Pintado en la Pared No. 167-Los libros de Historia en Colombia


La profesora Maritxa Lasso lo dijo claro: los historiadores escribimos libros. Mejor, agrego yo, los científicos sociales culminamos nuestras investigaciones en forma de libros. El libro es el corolario, la forma suprema de expresión de lo que sabemos y podemos hacer. Los artículos en revistas especializadas son accesorios y, con mucha frecuencia, pasan inadvertidos para el público, salvo el personal especializado (los pares evaluadores) designado para evaluar cada propuesta de artículo. Sin embargo, hemos caído en el engaño de escribir artículos para revistas, porque es lo que nos coloca en categorías superiores ante Colciencias o nos ayuda a aumentar el puntaje salarial en las universidades. Pero lo que se produce para las revistas es hermético e intrascendente. Quizás, algunos números monográficos bien concebidos y bien nutridos de colaboradores representativos salen adelante. Y hemos ido dejando de lado el lento, sistemático y paciente proceso de creación de obras de largo aliento que se plasman en libros.

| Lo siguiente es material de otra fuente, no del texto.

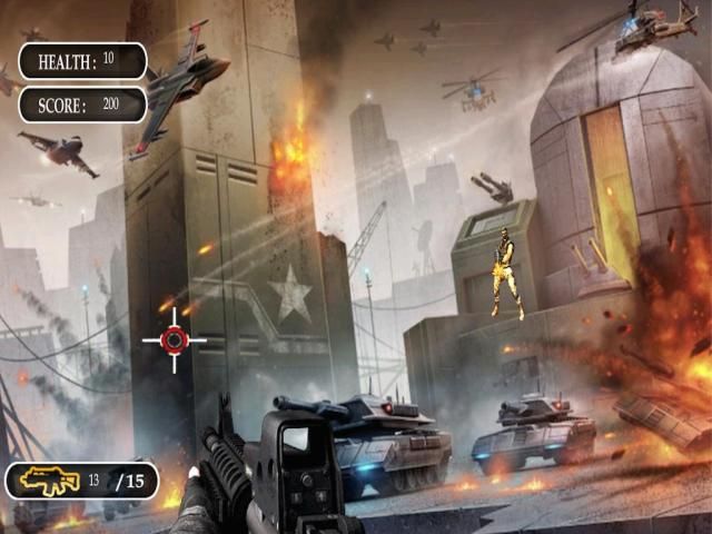 आप संयुक्त राज्य अमेरिका सेना के संभ्रांत निशानची हैं और अपनी राइफल अप battle.Pick में विसर्जित कर देंगे वह आवाज बहुत अच्छी है, दृष्टि और आग में अपने लक्ष्य रखा गया है terrorists.This शूटर खेल के खिलाफ लड़ाई! अपने ट्रिगर उंगली से जल्दी और गोली मार या गोली मार दी! Missions.Enjoy चिकनी और अनुकूलन स्पर्श नियंत्रण हासिल करने के लिए बुरे लोगों को मारने और क्रॉस-प्लेटफॉर्म पहले व्यक्ति शूटर खेलने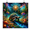 L'affiche « Le rêve de la tortue : un univers sous la coquille » est une porte d'entrée vers un voyage surnaturel, invitant le spectateur dans un paysage onirique où convergent le mystique et le naturel. Cette pièce visuellement époustouflante capture l'essence d'un voyage cosmique, encadré par la présence tranquille d'une tortue mystique dont la carapace abrite un univers regorgeant de couleurs vibrantes, de motifs célestes et de lumière éthérée. La toile de fond est une forêt enchanteresse, éclairée par la lueur naturelle de champignons magiques, créant une scène à la fois sereine et pleine d’émerveillement.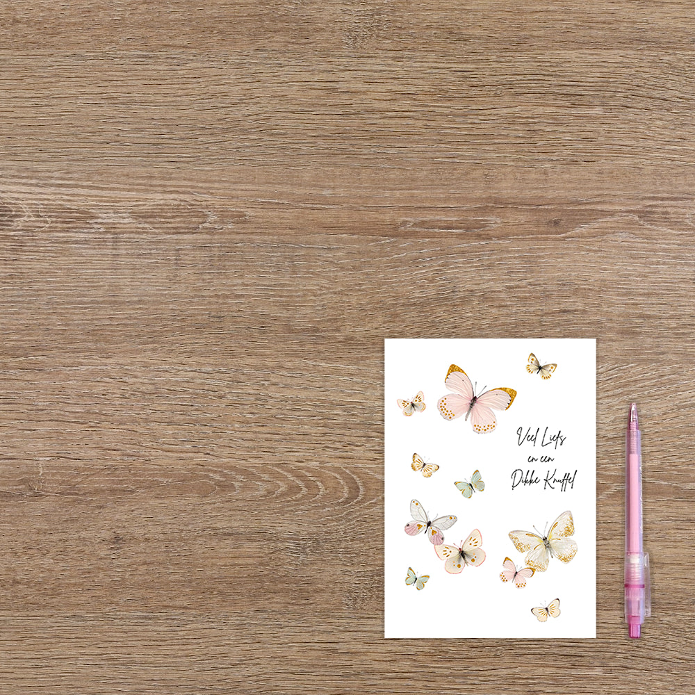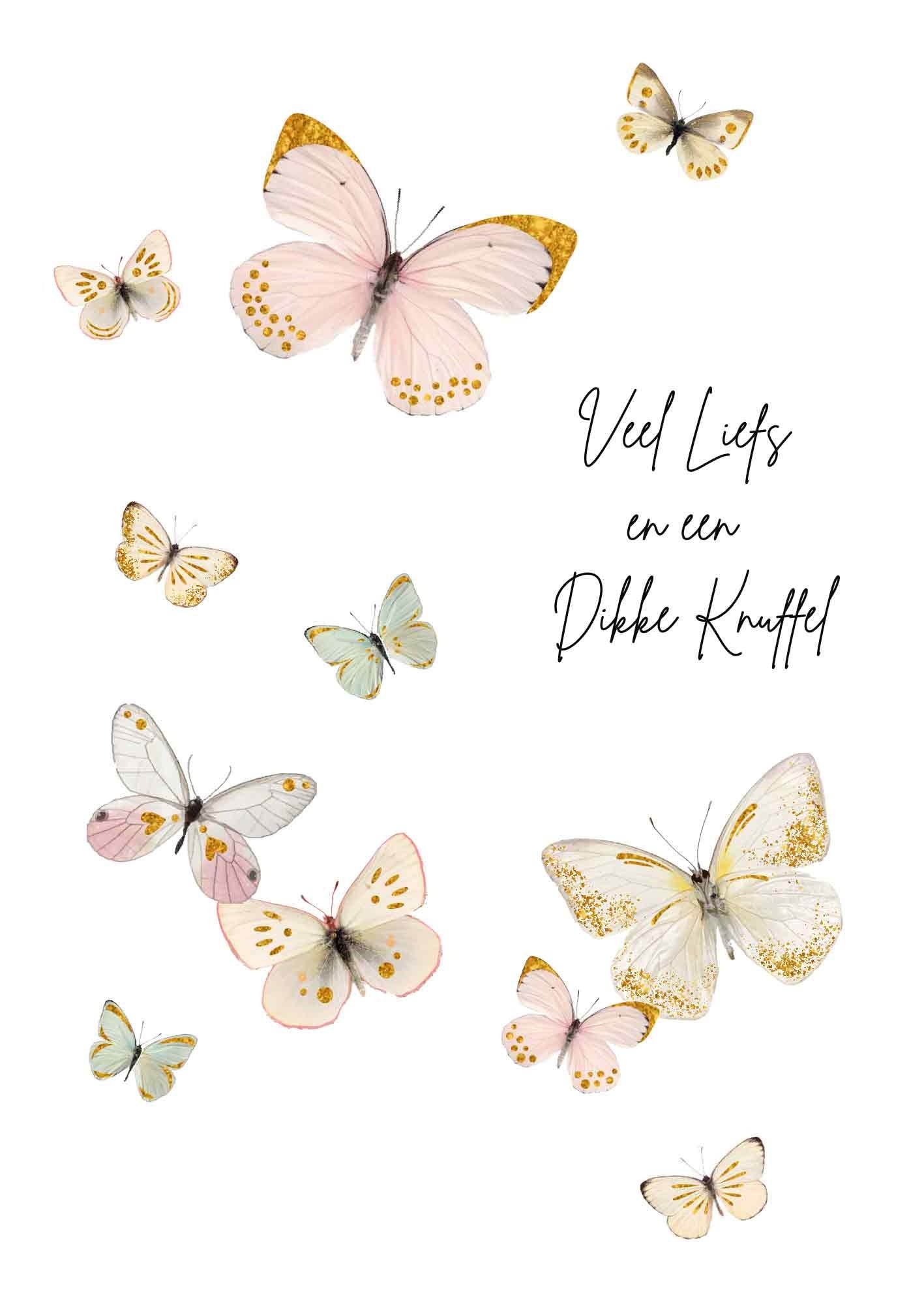 De wenskaart heeft een afmeting van x en een staande vorm. Op deze wenskaart staan vlinders in de kkleuren roze, geel, groen en beige met rechts de tekst: "Veel liefs en een dikke knuffel". De binnenzijde van de wenskaart is blanco wat voldoende ruimte geeft om een persoonlijke boodschap te schrijven .

Los artículos para revistas especializadas son fragmentos, cosas incompletas y demasiado especializadas a las que les dedicamos demasiado esfuerzo. Para los historiadores eso se ha ido convirtiendo en una deformación profesional porque implica un empobrecimiento de lo que llamamos investigar y escribir. Claro, un artículo en una revista especializada puede llamar la atención sobre una obra en proceso, puede servir de muestra de un avance interesante, insinuar o anunciar que algo muy importante viene en camino. Pero en vez de ser un medio expresivo circunstancial, el artículo lo hemos ido volviendo el gran propósito, incluso a la hora de presentar proyectos nos exigen el compromiso de colocar artículos en revistas situadas en determinadas categorías.
Mientras tanto, qué paisaje intelectual hemos ido pintando los historiadores con la caída en esa tendencia. Hace rato no hay grandes libros de historia, no hay visiones de conjunto ni estudios de larga duración. Eso empieza a notarse en las librerías colombianas, en las ferias del libro. Algunos esfuerzos editoriales universitarios se han encaminado, quizás para disimular el desértico panorama, a publicar trabajos de grado, colecciones de tesistas que no hay que despreciar pero que contienen más defectos que virtudes. Muchos de eso trabajos son interesantes esbozos, investigaciones monográficas cuyo alcance es microscópico.
¿Cómo sacudirnos de esa tendencia? No va a ser fácil desterrarla porque es la predominante y porque, dirán muchos, es rentable. Nos hemos ido llenando de doctores de Historia y, cosa llamativa, muchos de esos doctores han llegado a la cima de su formación profesional sin presentar una obra que los distinga y sea su marca de presentación. Nos hemos ido volviendo articulistas especializados; incluso, si entrásemos en detalle con alguna perspicacia, propensos al auto-plagio, a una escritura reiterativa con leves modulaciones, con cambios adjetivos alrededor de un pequeño y concentrado esfuerzo documental. Así será muy difícil escribir libros acerca de la historia de Colombia que sirvan para formar generaciones y futuras o, también, que generen apasionadas discusiones.